Project Team: Audrey Fu, Md. Bahadur Badsha, Evan Martin

Complex diseases often involve changes in DNA sequence, and in DNA transcription and methylation, an epigenetic process that can both regulate and be regulated by gene expression. These changes result in a wide range of symptoms or multiple subtypes of the same disease. In breast cancer, for example, different patterns of gene expression and DNA methylation characterize subtypes that vary in terms of tumor progression and treatment. In order to develop more effective treatments for different subtypes, it is necessary to understand the genes and processes (i.e., transcription and methylation) that drive the differences between subtypes. It is therefore of immense interest to understand how genetic variation influences disease through gene regulatory networks. Unfortunately, identification of genes and processes that are key to diseases is often compromised by inference based on correlation, not causation.
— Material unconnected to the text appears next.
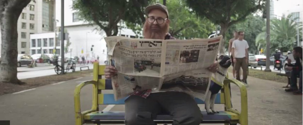 In Israel, Bennett has pitched himself as a “bro”—quite literally, as in the ad campaign “Bennett’s a Bro” and its attendant meme generator. In the new ad, however, Bennett himself plays the role of the hipster. The usually clean-cut Bennett is now dressed up in a long, fake beard, a flannel shirt and a pink watch, a baseball cap covering his bald pate, replacing his trademark small knit yarmulke. The ad shows Bennett in three scenarios in which he is wronged—a waitress spills coffee on him, an impatient driver rear-ends him, a woman grabs the Tel Aviv version of a Citibike out from under him—and yet in every scenario, Bennett’s hipster apologizes profusely. “I am sorry, I really am. I really apologize,” are the only sentences uttered throughout the ad, except for when the character, played with surprising aplomb by Bennett, opens his Haaretz newspaper to find a New York Times op-ed demanding that Israel apologize for the Flotilla debacle that left nine activists dead. “They’re right,” he says, nodding with Colbertian sagacity. The ad ends with Bennett, now beardless, asking people to register for his party. “Starting today, we stop apologizing,” he says.

Our long-term goal is to develop computational methods to infer gene regulatory networks that are potentially causal for multiple clinical phenotypes using genomic and clinical data of complex diseases. In this project, we will develop new statistical approaches based on the principle of Mendelian randomization to systematically identify regulatory networks involving both transcription and methylation that are potentially causal for disease subtype. We will use breast cancer as the disease model and apply our methods to genomic data. The principle of Mendelian randomization assumes that the alleles of a genetic variant are randomly assigned to individuals in a population, analogous to a natural randomization experiment. This principle has gained increasing attention in genomics, given its power to separate correlation due to causation from correlation not due to causation.

The models and algorithms developed here will allow us to make causal statements about the two processes at the single gene level and account for confounding variables, which similar studies have not examined. These methods will help to identify key genes for specific breast cancer subtypes and elucidate the roles of transcription and methylation when many genes are involved, offering insights into genes and processes that could better inform subtype classification, cancer diagnosis and development of novel drug targets. These methods are not limited to breast cancer but are applicable to complex diseases in general.